## Work required
Where the data below begins, start retyping exactly, and end on the line with "Vedi la scheda", which is included; no picture goes in.

_ _ _ _

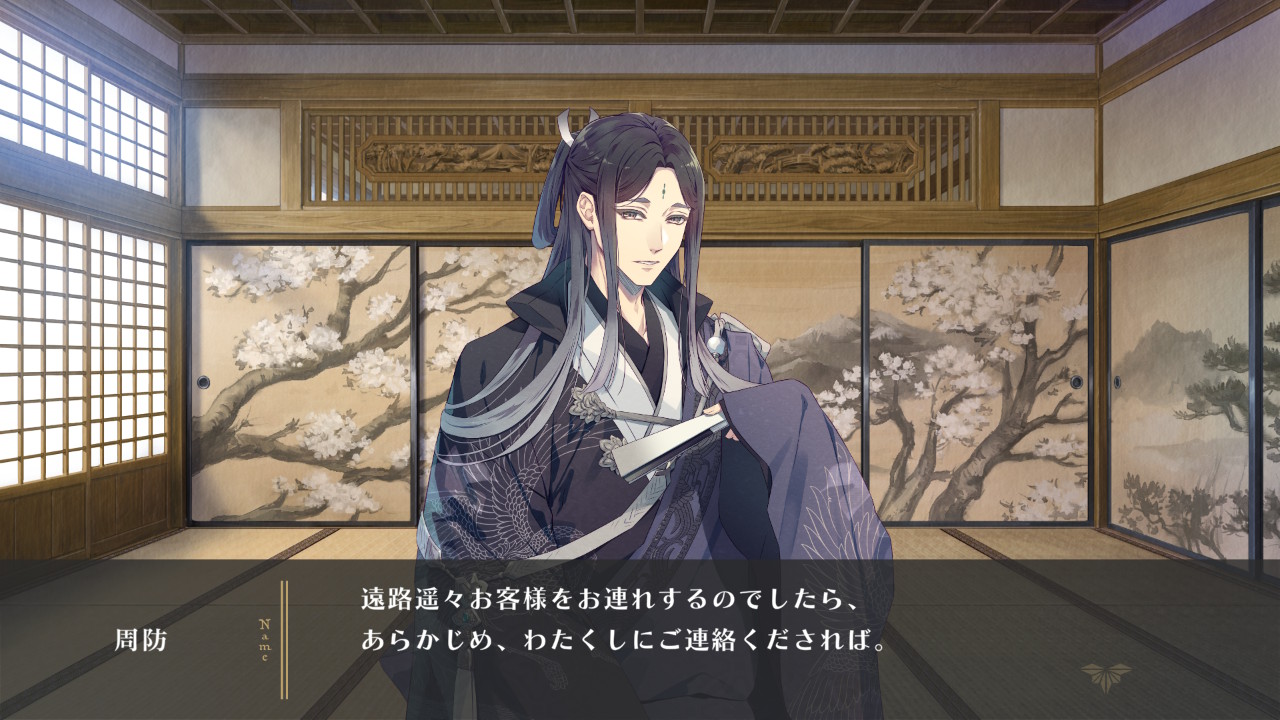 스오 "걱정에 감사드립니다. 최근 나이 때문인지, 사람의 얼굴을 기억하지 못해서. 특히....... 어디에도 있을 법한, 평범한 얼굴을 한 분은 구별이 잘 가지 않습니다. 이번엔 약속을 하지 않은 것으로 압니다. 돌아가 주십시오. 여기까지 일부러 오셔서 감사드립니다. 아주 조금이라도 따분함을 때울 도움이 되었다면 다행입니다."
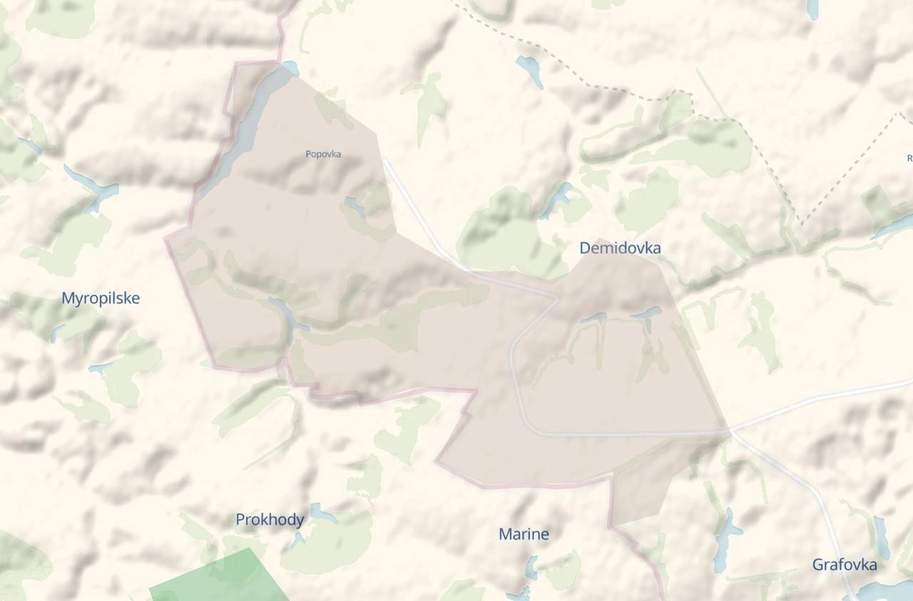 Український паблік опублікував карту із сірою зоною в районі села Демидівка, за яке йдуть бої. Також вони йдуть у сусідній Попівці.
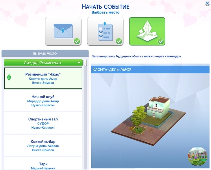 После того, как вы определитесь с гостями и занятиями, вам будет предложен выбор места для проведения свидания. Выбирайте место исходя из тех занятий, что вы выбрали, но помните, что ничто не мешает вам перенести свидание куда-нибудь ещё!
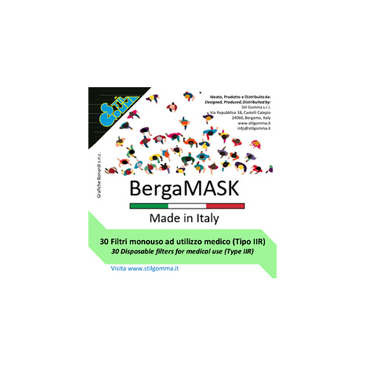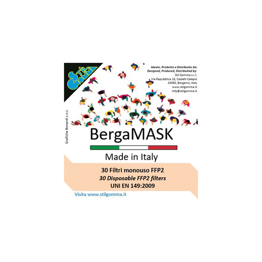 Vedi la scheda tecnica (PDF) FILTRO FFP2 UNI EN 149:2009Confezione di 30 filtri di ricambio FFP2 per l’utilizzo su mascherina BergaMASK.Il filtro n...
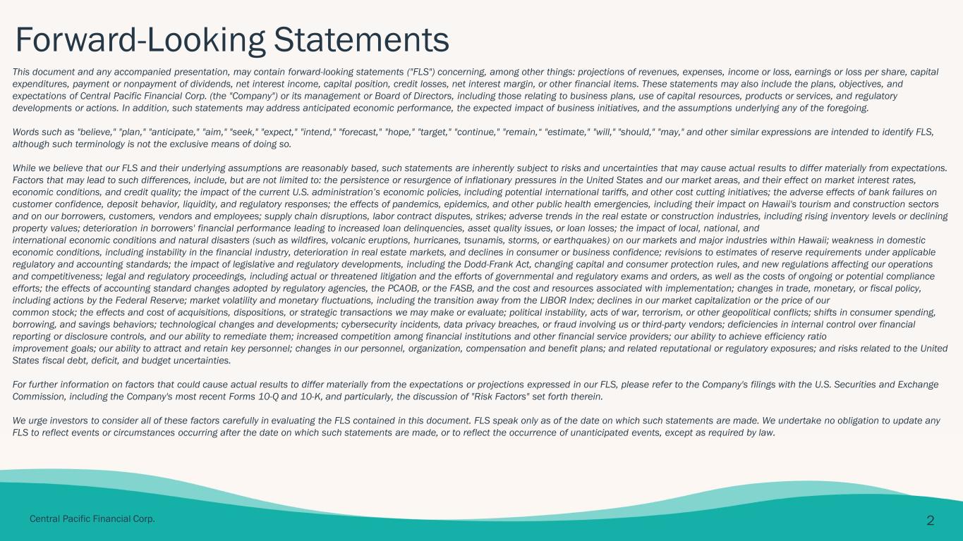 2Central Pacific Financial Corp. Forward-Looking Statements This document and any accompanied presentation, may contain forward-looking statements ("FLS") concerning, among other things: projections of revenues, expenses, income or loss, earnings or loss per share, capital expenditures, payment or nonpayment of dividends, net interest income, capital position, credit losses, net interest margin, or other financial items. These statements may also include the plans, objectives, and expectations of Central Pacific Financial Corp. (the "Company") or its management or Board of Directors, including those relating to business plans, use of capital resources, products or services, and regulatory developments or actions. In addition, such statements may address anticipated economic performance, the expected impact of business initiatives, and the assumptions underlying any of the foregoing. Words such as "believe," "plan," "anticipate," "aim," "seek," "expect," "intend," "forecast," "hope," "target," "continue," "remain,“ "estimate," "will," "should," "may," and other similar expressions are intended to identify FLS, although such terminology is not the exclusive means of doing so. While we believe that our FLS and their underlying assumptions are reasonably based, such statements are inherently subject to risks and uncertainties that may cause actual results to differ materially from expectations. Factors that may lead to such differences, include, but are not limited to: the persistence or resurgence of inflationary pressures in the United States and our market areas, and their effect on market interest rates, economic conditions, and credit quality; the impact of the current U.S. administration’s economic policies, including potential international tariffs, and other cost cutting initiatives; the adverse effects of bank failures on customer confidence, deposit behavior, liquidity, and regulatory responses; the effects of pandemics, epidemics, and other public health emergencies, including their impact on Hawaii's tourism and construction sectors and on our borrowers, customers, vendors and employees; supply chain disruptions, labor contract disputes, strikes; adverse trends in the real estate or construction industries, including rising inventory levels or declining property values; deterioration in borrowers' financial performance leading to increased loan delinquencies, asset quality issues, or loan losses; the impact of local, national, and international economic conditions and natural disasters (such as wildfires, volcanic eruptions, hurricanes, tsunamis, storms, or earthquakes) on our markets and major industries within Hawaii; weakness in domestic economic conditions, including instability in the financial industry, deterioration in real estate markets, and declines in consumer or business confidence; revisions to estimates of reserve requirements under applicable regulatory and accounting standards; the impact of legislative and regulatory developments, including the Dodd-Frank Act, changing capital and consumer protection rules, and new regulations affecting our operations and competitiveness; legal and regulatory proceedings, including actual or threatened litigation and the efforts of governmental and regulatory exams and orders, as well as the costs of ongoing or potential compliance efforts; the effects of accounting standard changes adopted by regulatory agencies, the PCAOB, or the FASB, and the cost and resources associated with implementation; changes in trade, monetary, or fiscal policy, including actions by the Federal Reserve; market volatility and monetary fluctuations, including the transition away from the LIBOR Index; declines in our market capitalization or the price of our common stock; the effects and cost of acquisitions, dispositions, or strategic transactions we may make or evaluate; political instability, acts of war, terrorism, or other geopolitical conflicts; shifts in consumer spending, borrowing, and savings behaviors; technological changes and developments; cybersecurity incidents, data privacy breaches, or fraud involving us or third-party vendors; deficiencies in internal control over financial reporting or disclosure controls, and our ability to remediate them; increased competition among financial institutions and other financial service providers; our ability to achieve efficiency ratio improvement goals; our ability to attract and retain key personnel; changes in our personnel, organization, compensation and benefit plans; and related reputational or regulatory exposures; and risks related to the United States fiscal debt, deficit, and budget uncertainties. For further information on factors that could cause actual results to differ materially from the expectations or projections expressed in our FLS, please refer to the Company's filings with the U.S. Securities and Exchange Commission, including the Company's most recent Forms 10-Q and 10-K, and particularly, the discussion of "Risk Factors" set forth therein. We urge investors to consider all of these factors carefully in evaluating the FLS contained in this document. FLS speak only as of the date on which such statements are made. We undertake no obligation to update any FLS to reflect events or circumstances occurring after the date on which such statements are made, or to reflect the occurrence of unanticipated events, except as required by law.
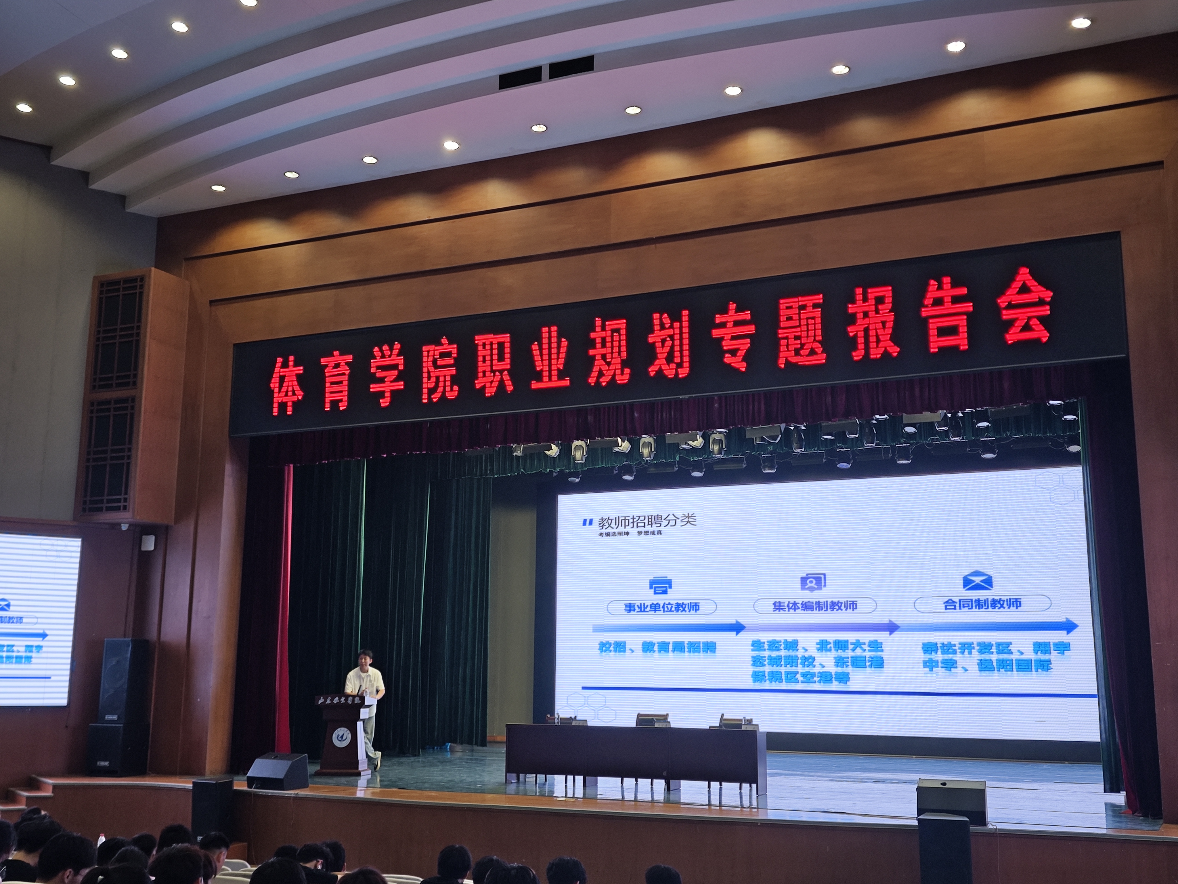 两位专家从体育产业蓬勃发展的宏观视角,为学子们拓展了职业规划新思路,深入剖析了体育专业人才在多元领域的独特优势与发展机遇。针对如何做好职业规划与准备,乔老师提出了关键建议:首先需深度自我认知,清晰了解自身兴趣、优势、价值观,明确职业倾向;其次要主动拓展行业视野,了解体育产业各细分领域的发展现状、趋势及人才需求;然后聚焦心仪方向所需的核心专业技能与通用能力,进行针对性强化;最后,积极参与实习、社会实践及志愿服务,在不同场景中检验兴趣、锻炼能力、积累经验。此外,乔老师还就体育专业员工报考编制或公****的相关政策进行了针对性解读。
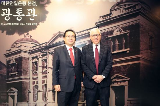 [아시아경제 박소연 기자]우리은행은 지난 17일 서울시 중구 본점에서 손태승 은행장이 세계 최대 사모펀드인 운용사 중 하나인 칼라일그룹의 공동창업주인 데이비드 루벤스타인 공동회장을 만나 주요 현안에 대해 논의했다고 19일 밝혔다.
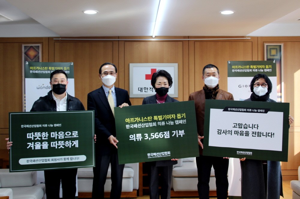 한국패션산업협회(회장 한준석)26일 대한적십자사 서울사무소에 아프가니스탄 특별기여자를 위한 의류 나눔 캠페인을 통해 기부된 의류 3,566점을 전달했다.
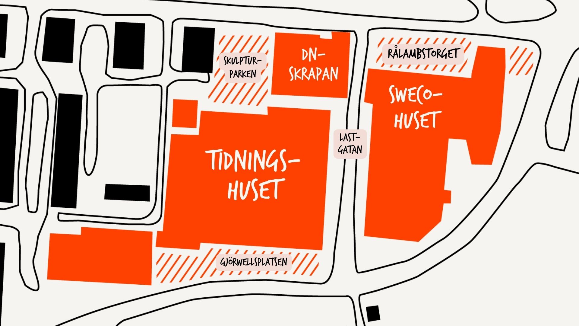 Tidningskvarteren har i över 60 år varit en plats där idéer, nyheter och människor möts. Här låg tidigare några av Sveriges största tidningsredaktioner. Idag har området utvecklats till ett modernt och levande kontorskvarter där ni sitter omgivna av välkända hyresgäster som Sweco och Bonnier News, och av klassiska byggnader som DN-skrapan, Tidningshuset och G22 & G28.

_ _ _ _

## Solution to this exercise
 스오 "걱정에 감사드립니다. 최근 나이 때문인지, 사람의 얼굴을 기억하지 못해서. 특히....... 어디에도 있을 법한, 평범한 얼굴을 한 분은 구별이 잘 가지 않습니다. 이번엔 약속을 하지 않은 것으로 압니다. 돌아가 주십시오. 여기까지 일부러 오셔서 감사드립니다. 아주 조금이라도 따분함을 때울 도움이 되었다면 다행입니다."
 Український паблік опублікував карту із сірою зоною в районі села Демидівка, за яке йдуть бої. Також вони йдуть у сусідній Попівці.
 После того, как вы определитесь с гостями и занятиями, вам будет предложен выбор места для проведения свидания. Выбирайте место исходя из тех занятий, что вы выбрали, но помните, что ничто не мешает вам перенести свидание куда-нибудь ещё!
 Vedi la scheda tecnica (PDF) FILTRO FFP2 UNI EN 149:2009Confezione di 30 filtri di ricambio FFP2 per l’utilizzo su mascherina BergaMASK.Il filtro n...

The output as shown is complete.